The Ascends are pretty good for the money with one exception. The rails for the foot stirrups are riveted through the hull. That's a leak looking for a place to happen.

You will not regret the extra money it costs to get a Jackson and go first class.


----------



## Chap (Mar 2, 2015)

If you are interested here is a review I did of my Sea Ghost.


----------



## Rebel Yell (Mar 2, 2015)

I have an Ascend FS10 sit in.  I love itl, but then I;m not as hard core as most on here.  Great deal for the price.


----------



## Rose Jackets67 (Mar 2, 2015)

I've only had my FS12T out a few times since getting in January, but I'm very happy with the performance for the cost.


----------



## lonesome dove (Mar 2, 2015)

It all comes down to how much you want to spend. A Jackson Coosa is on my want list, but the ascend is a solid boat for the money.


----------



## The mtn man (Mar 2, 2015)

I just picked up the ascend fs128t I will be getting it out for the first time this Saturday on Winfield Scott, I really like the lay out, not gonna do the rresaeling until I find out exactly what leaks.


----------



## Randy (Mar 2, 2015)

At your weight you are going to need a kayak with a 350-400 pound weight capacity.  Start there.  What kind of water are you fishing the most?6


----------



## vowell462 (Mar 2, 2015)

Thanks guys. Randy I'm thinking small creeks and the flint river mainly. I'm big into duck hunting and spend a cpl weeks a year in south arkansas. There is a place over there I've wanted to hunt for years that's a deep reservoir that you can't stand in. Thought about hunting out of it there as well. But fishing? My goal is the flint mainly.


----------



## Ruger#3 (Mar 3, 2015)

Listen to Randy, I'm round boy, a little heavier than you.
350 is minimal for your size, toss in a stowage box, small cooler, accessories and you will come to appreciate a bigger yak.

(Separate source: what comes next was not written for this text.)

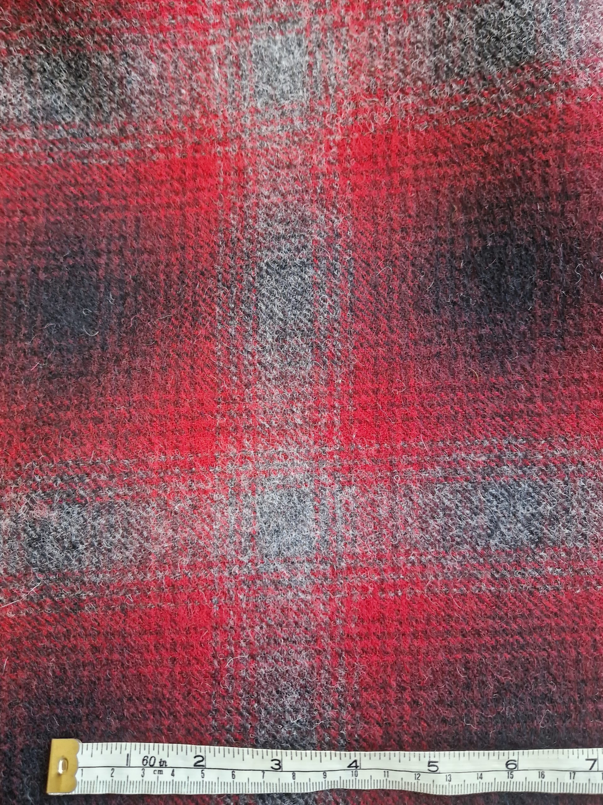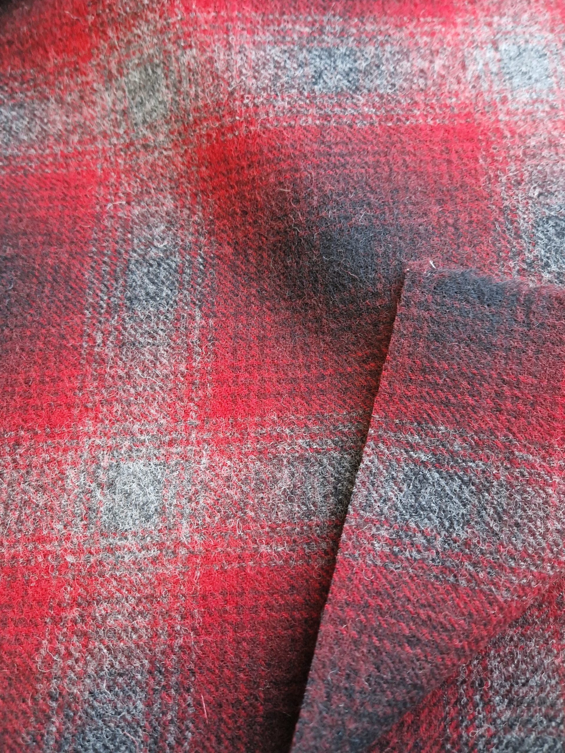 A full bodied beautifully soft wool flannel in the most stunning shades of Claret Wine Gunmetal Grey and Black has a bold large check but because of the colours has a more muted look as the tones merge slightly.
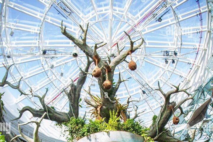 At the centre of the bio-dome, tall tree with an artificial trunk. A small bridge connects to the tree, which can only hold up to four people at a time. There is also an artificial waterfall. Visitors enter on the fourth floor via a lift and walk down using a spiral slope.

I have the older model of this yak, this one will be my next boat, http://www.oceankayak.com/biggame/


----------



## vowell462 (Mar 3, 2015)

Ruger#3 said:


> Listen to Randy, I'm round boy, a little heavier than you.
> 350 is minimal for your size, toss in a stowage box, small cooler, accessories and you will come to appreciate a bigger yak.
> 
> I have the older model of this yak, this one will be my next boat, http://www.oceankayak.com/biggame/



Wow! I haven't looked at the oceans! Those look cool. Lightweight and can handle us big boys. I was just liking the ascend because of the open layout mainly. I'm Def taking a look at the oceans. Id like to have one with a high weight limit.


----------



## Ruger#3 (Mar 3, 2015)

vowell462 said:


> Wow! I haven't looked at the oceans! Those look cool. Lightweight and can handle us big boys. I was just liking the ascend because of the open layout mainly. I'm Def taking a look at the oceans. Id like to have one with a high weight limit.

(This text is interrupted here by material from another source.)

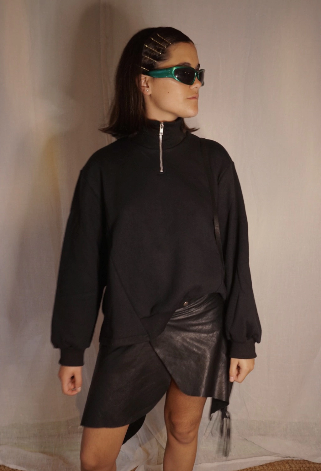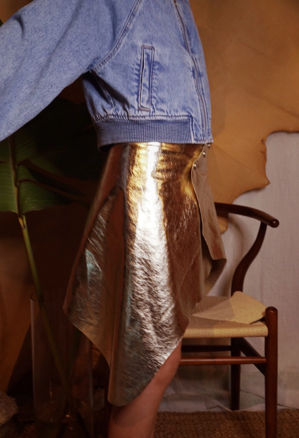 Pollera de 100% cuero, irregular, con 3 botones que te dan la versatilidad de usarla tiro alto o tiro bajo.

Feral, Randy and others on here, way more experienced than I, give good advice. The bigger yaks are a little less maneuverable, take a little more effort to paddle but for fishing rivers and small lakes I really enjoy mine.


----------



## Randy (Mar 3, 2015)

Also look at the Old Town Predator MX.  It was designed specifically for what you are wanting.  I know because I helped design it.


----------



## Chap (Mar 3, 2015)

If I am thinking of the same Ascend that you are, I love the open front deck.  If it wasn't for the thin hull and lower weight capacity I would have bought it.  Glad I didn't because I could not be happier with my Sea Ghost.


----------



## Bream Pole (Mar 3, 2015)

*kayak*

I am looking at the Jackson Tripper 12.  Its the one on my wish list.  Feral put me on the Jackson Kilroy and this is the same boat without the angler extras.  Open and very stable from what I have been told and seems  so from looking at the you tube videos.  Costs $999  I am 6' and weigh in around 255


----------



## turkeytrot29 (Mar 3, 2015)

I'd also check out the nucanoe. Just recently purchased the nucanoe frontier 12ft. I bought it mostly for pond fishing and duck hunting. Only had it out a few times but really like it. It's extremely stable, I can stand and walk in it with ease!


----------



## elfiii (Mar 5, 2015)

Randy said:


> Also look at the Old Town Predator MX.  It was designed specifically for what you are wanting.  I know because I helped design it.



I got one and love it.


----------



## Rebel Yell (Mar 5, 2015)

I saw this one on Craigslist yesterday.  It may be what you're looking for.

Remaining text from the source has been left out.